4) Inputting the standardized data added with noise in the step 3) into a stack noise reduction self-coding network for training to obtain a reconstruction feature Z= (Z) ₁ ,...,Z _i ,...,Z _K ) ^T Wherein the reconstruction at the ith moment is characterized by Z _i ＝(z _i,1 ,z _i,2 ,...,z _i,J ) Where i=1,..k, j=1,..j;

the stack noise reduction automatic coding network structure comprises an input layer, an implicit layer and an output layer, wherein the input is the standardized industrial process data of the step 3) of adding noiseThe coding process from the input layer to the hidden layer comprises the following specific forms:

h is a nonlinear activation function, here selected as Sigmoid function, W ₁ 、B ₁ For the weight matrix and the bias vector of the coding network, Y is hidden layer data, namely the extracted robust feature;

Z＝H(W ₂ Y+B ₂ )

wherein W is ₂ 、B ₂ A weight matrix and a bias vector for the decoding network;

statistics Spe= (SPE) corresponding to modeling data ₁ ,...,SPE _K ) SPE statistics at k=1,..k, K, the kth sampling time are defined as follows:

on-line monitoring:

5) Collecting data t of J process variables at mth sampling moment of current industrial process _m The mean and standard deviation of the m moment obtained according to the historical data in the step 3) are standardized to obtain

8) If the industrial process is finished, stopping monitoring; otherwise, collecting the data of the next moment, returning to the step 7), continuing to monitor the process, and obtaining the TSPE of each moment _m Is a fault status feature;

fault prediction stage:

9) Combining the acquired fault state features into a time series tspe= { TSPE ₁ 、...、TSPE _V Normalized by a linear Normalization function Min-Max, normalization, wherein the fault state characteristics TSPE at time v _v The normalized calculation formula of (c) is as follows,v＝1,...,V,[A，B]is the normalized region; the normalized TSPE' is divided into a training data set and a test data set so as to conduct fault prediction;

wherein X is _train Input samples representing a predictive model, Y _train Model tags representing predictive models, i.e. predictive modelsThe actual output value, n is the number of training samples of the model, and h represents the size of the sliding window;

the improved time convolution network SFTCN adopts a time convolution network TCN and improves a residual error network of the time convolution network TCN, and the specific improvement comprises two steps: first, replace the ReLU activation function with Swish function to solve the problem that the negative gradient is set to zero and the neuron may not be activated due to zero derivative in the negative interval of the data; secondly, a Filter, response, normalization layer is used for replacing a weight Normalization layer, so that the expression capacity of the network is further improved;

12 Sample processing is carried out on the normalized test data by the sliding window in the step 10), and then the processed test data is substituted into a trained SFTCN network, so that the fault trend is predicted.

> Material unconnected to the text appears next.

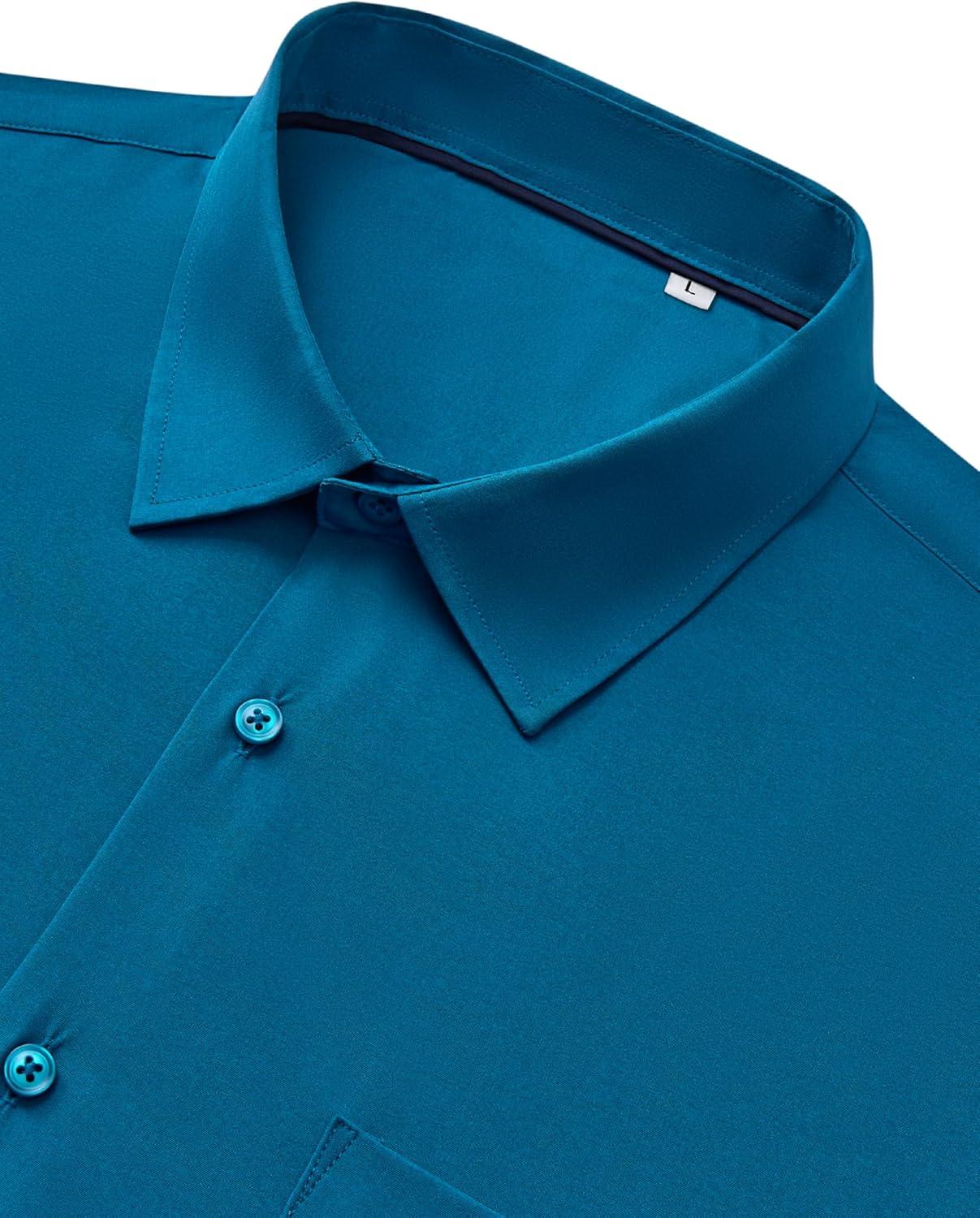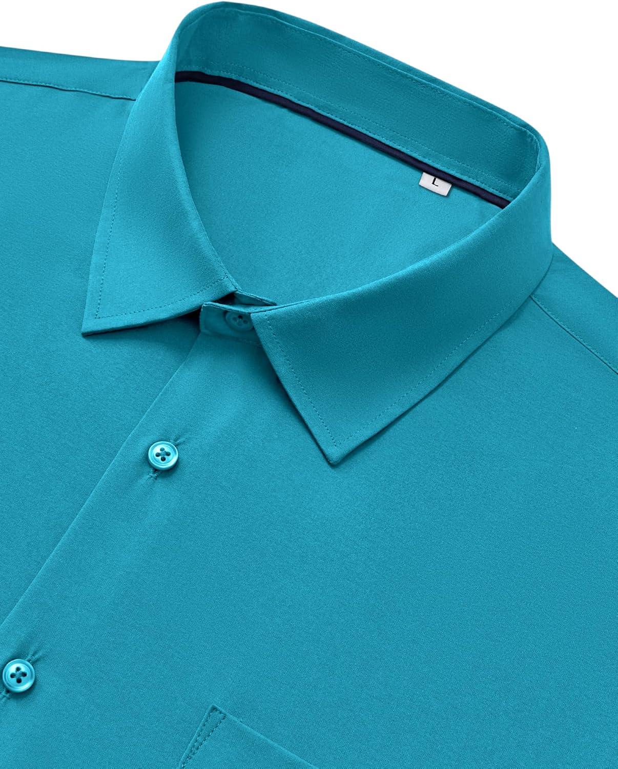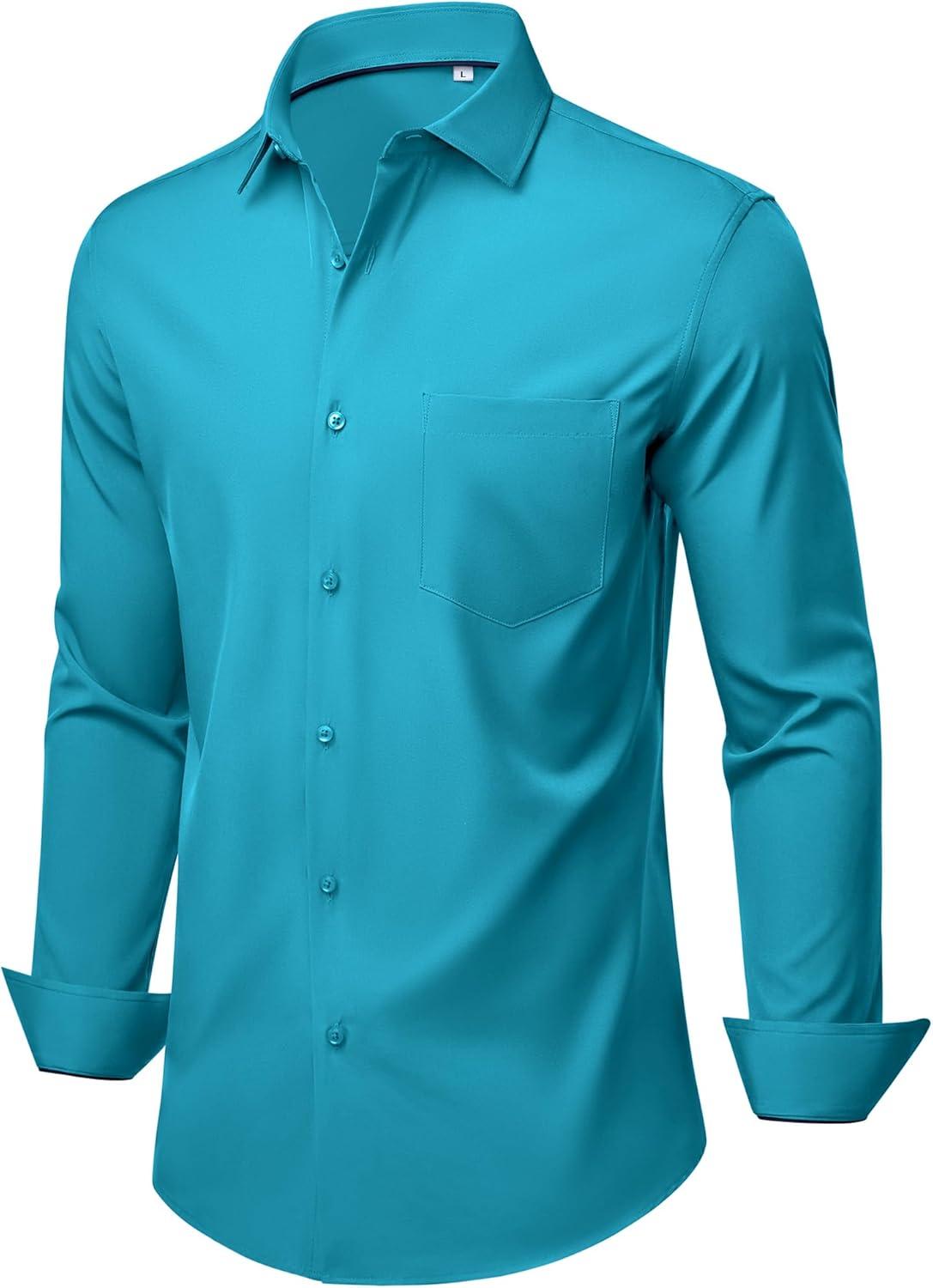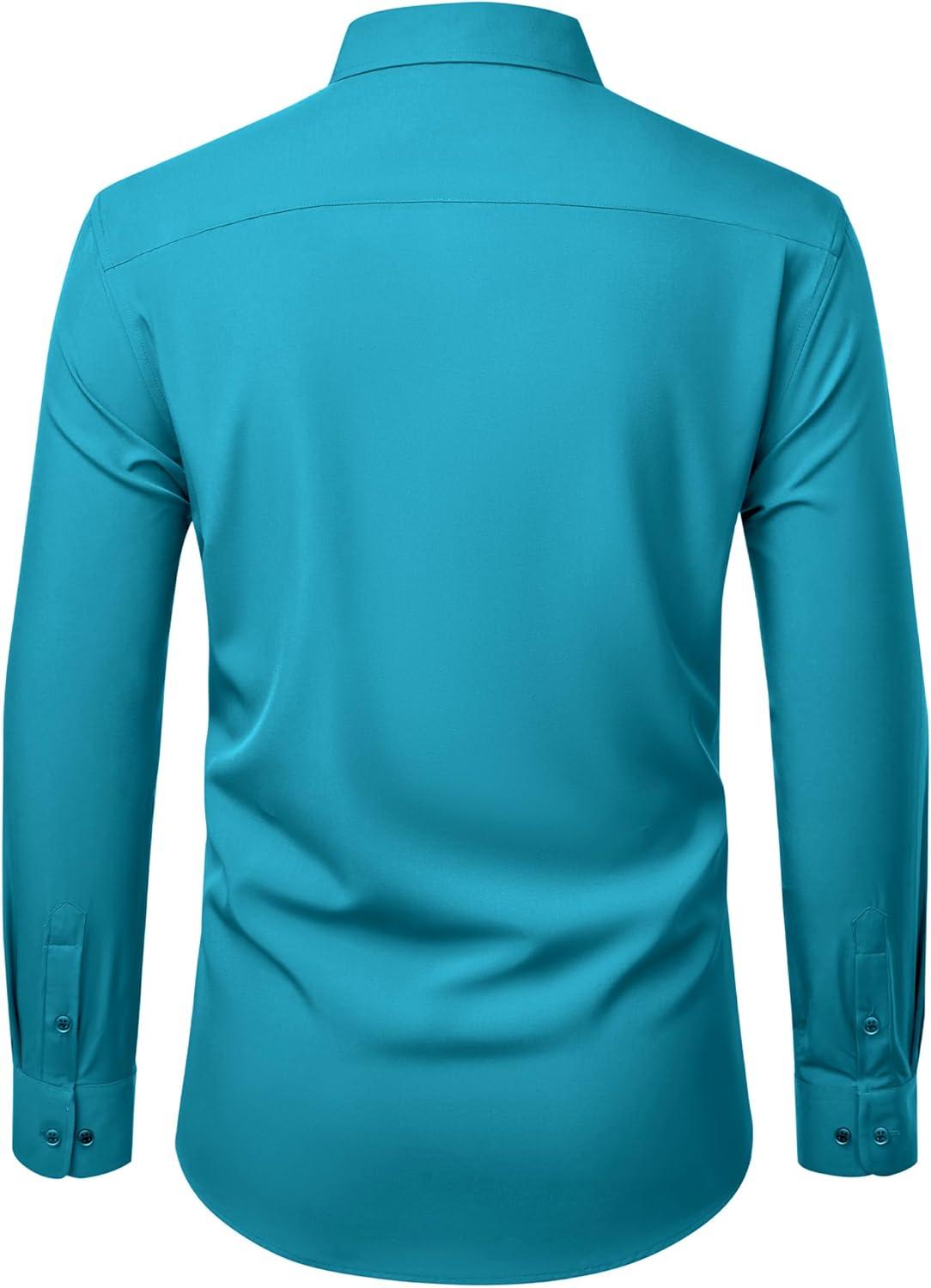 Alimens & Gentle Mens Dress Shirts Stretch Long Sleeve Wrinkle Free Business Casual Button Down Shirt for Wedding(Turquoise)

2. The complex industrial process fault prediction method based on the RF noise reduction self-coding information reconstruction and time convolution network according to claim 1, wherein the method comprises the following steps: SFTCN network parameter setting: the maximum iteration number is 1000, the number of network layers is 4, the convolution kernel size of the dilation causal convolution is 2, dropout is 0.05, the sliding window length is 10, batch is 256, the learning rate is 0.002, and an adam optimizer is adopted;

and inputting training data into a model, calculating the mean square error of the predicted data and the original data, updating network parameters through back propagation, and storing the trained model through continuous iteration.